Just when you think you’re trudging this road of life and parenting alone, you come across a gem like this.  I’m brought back to the Sunday evenings of my childhood, where we ate not popcorn, but scrambled eggs or a solitary bowl of cereal.  I’m mise-en-placed to any meal with my own children where we rush to throw a paper towel on the spilled pool of milk before it cascades down the cracks between the leaves of the table.  And I’m gleefully reminded how this all must be done with laughter.

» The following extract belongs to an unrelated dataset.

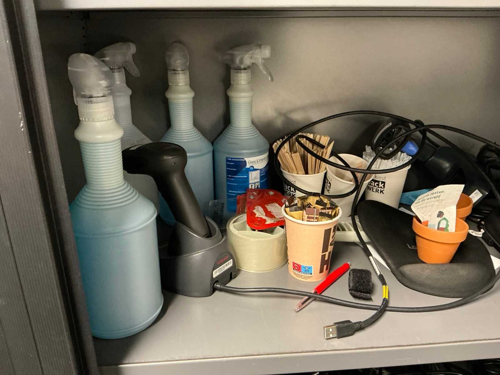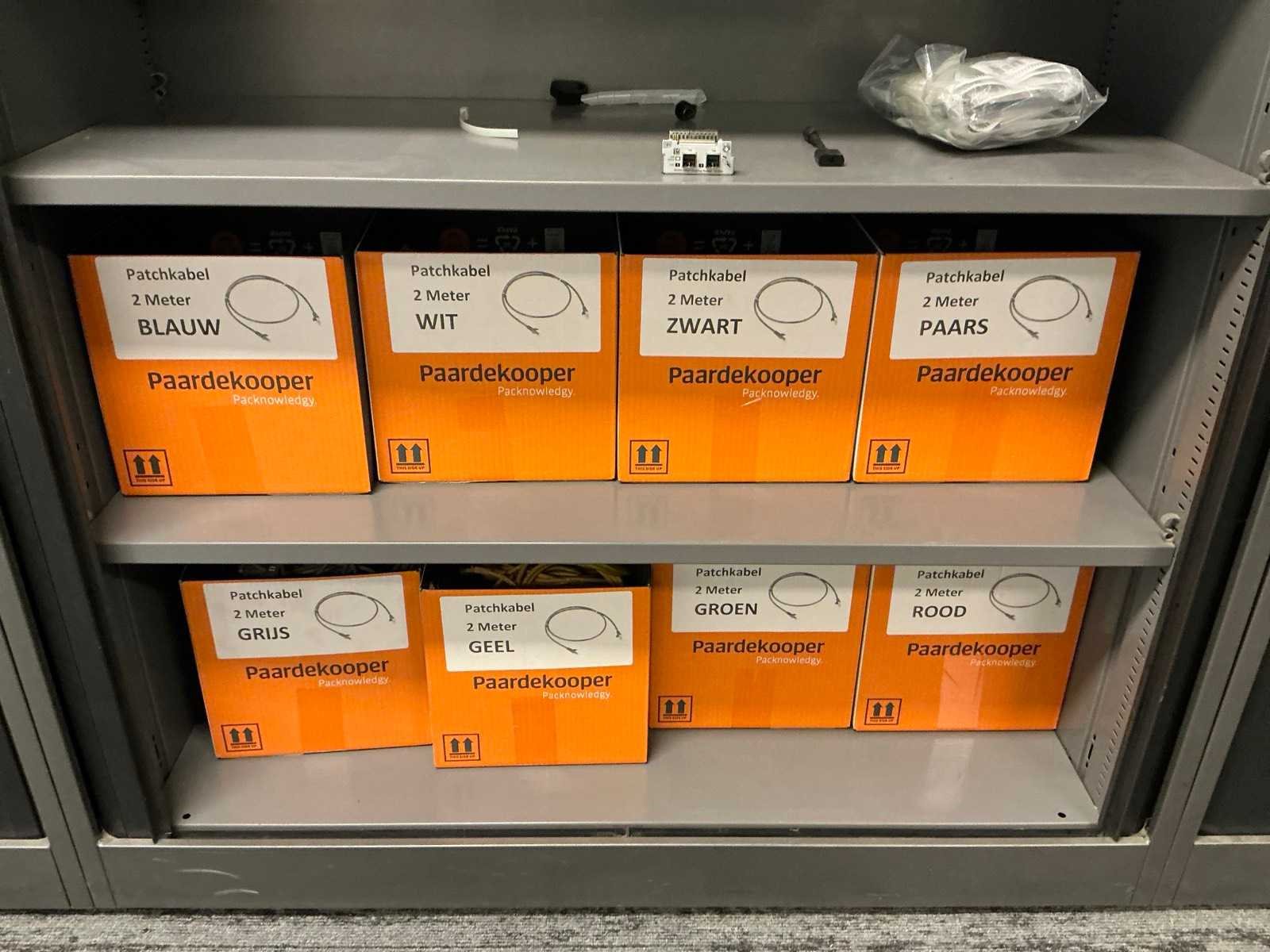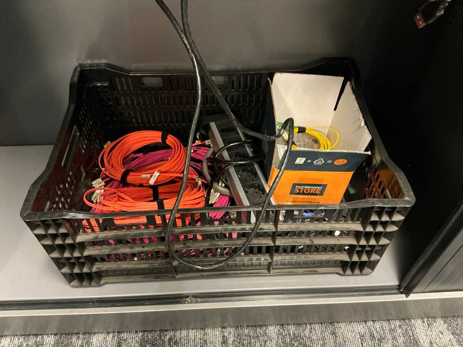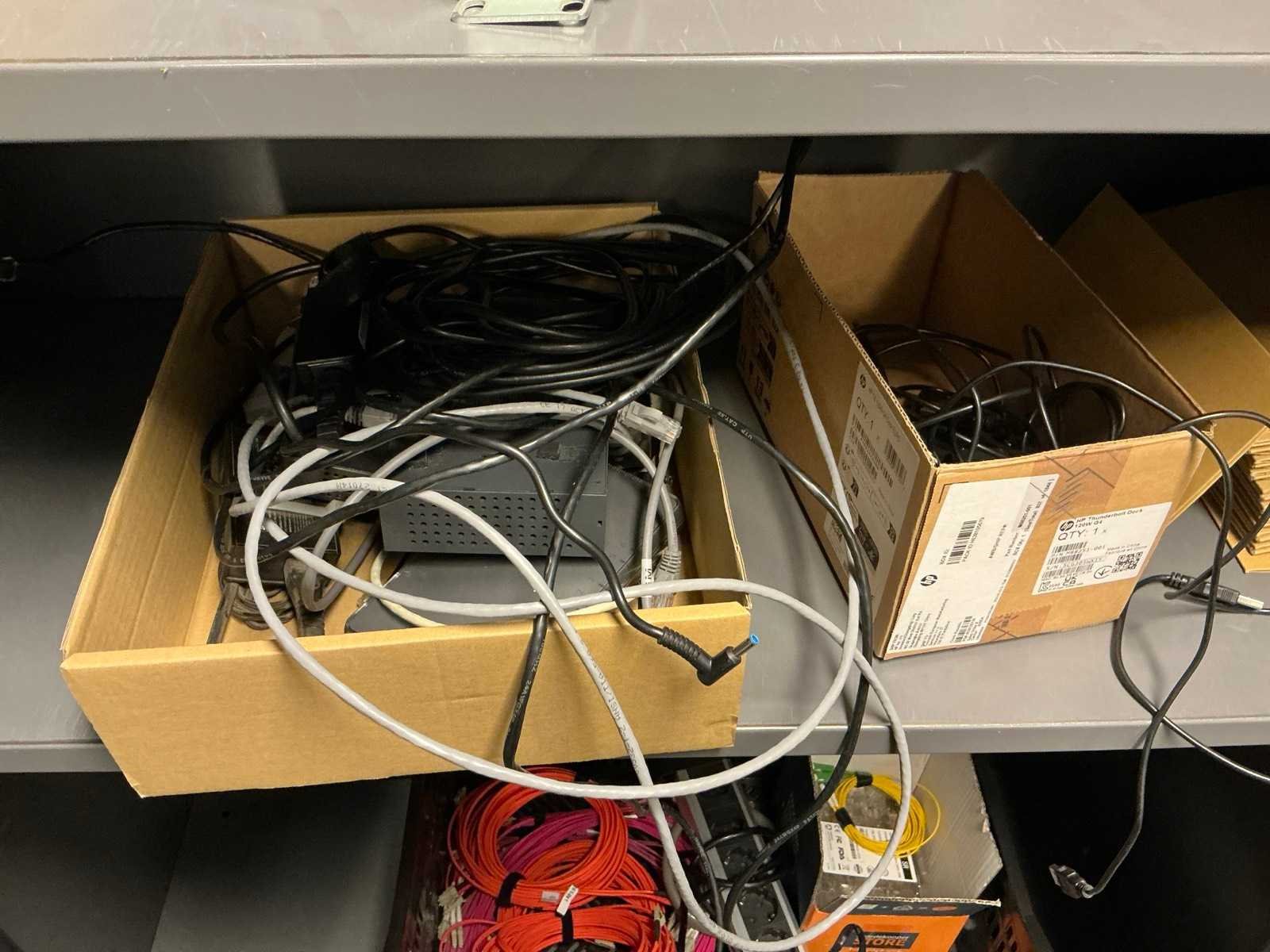 Alles in 5 archiefkasten, diverse kabels, aansluitmaterialen, randapparatuur, Netwerkapparatuur etc.

It must have been a sight: eight to twelve of us packed around the dinner table, heads bowed over books splayed flat (somewhere a librarian cringes), the pages held open with one hand while the other dipped in and out of the corn, back and forth from bowl to mouth, the rhythm interrupted only when someone refilled a bowl or took a pull at their Kool-Aid.  When your eyes are fixed on text, you tend to fish around with your free hand, and nearly every week someone upended their Kool-Aid.  The minute the glass hit, Dad jumped up to make a dam with his hands in an attempt to keep the spill from leaking through the low spot in the table where the leaves met.  For her part, Mom grabbed a spoon and scraped madly at the spreading slick, ladling the juice back in the glass one flat teaspoon at a time so it could be drunk.  The same thing happened if someone spilled their milk.  Sometimes when I wonder how my parents managed financially, I think of Mom going after those spoonfuls of Kool-Aid like an environmentalist trailing the Exxon Valdez with a soup ladle, and there’s your answer.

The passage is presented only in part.